• **Task instructions**: Give the data back exactly. Leave out any images.

• **Recorded data**:
════

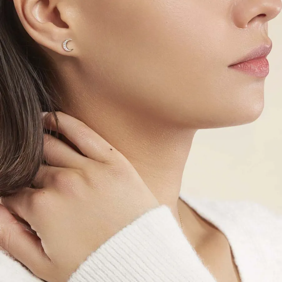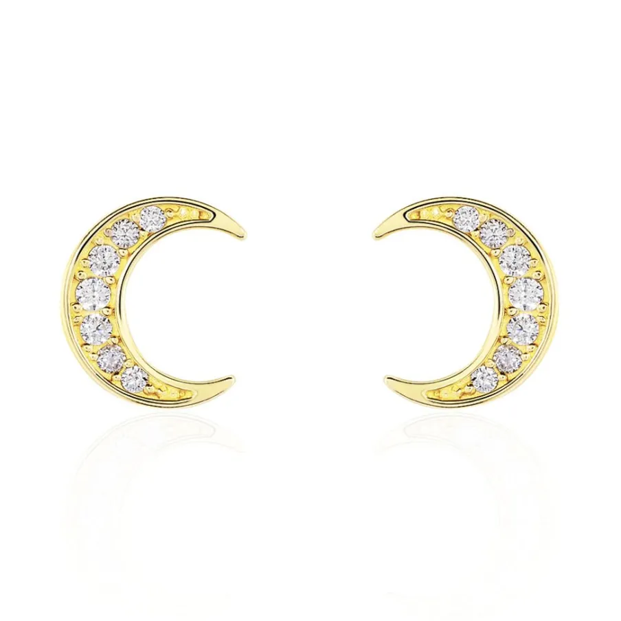 Boucles D’oreilles Or Jaune 375/1000 Lune Oxyde De Zirconium
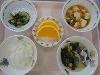 ごはん マーボー豆腐 わかめのすのもの しめじとチンゲン菜のスープ オレンジ |
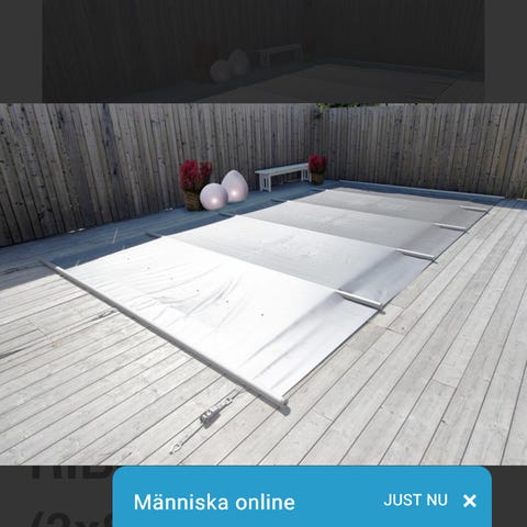 Poolskydd, Ribcover i mycket bra skick. Inköpt 2022 och Vi har använt vinterplåtar som skydd på vintern. Säljer nu för att vi bytte till glastak i somras.
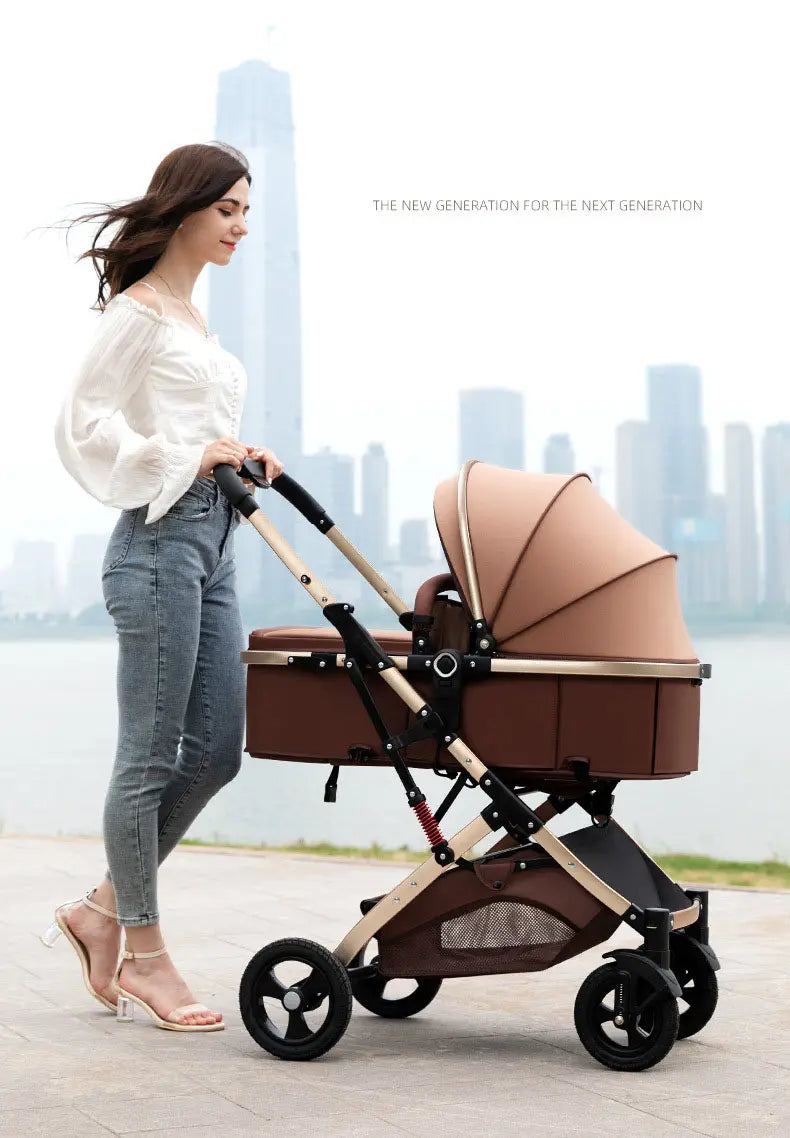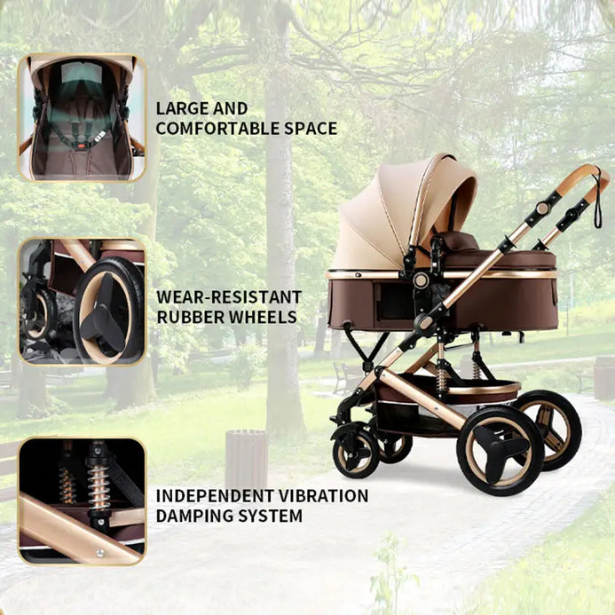 Multifunctional Elite Baby Stroller with European Style Car Cot 3 in 1 Brown 12906

════

• **Answer to the exercise**:
 Boucles D’oreilles Or Jaune 375/1000 Lune Oxyde De Zirconium
 ごはん マーボー豆腐 わかめのすのもの しめじとチンゲン菜のスープ オレンジ |
 Poolskydd, Ribcover i mycket bra skick. Inköpt 2022 och Vi har använt vinterplåtar som skydd på vintern. Säljer nu för att vi bytte till glastak i somras.
 Multifunctional Elite Baby Stroller with European Style Car Cot 3 in 1 Brown 12906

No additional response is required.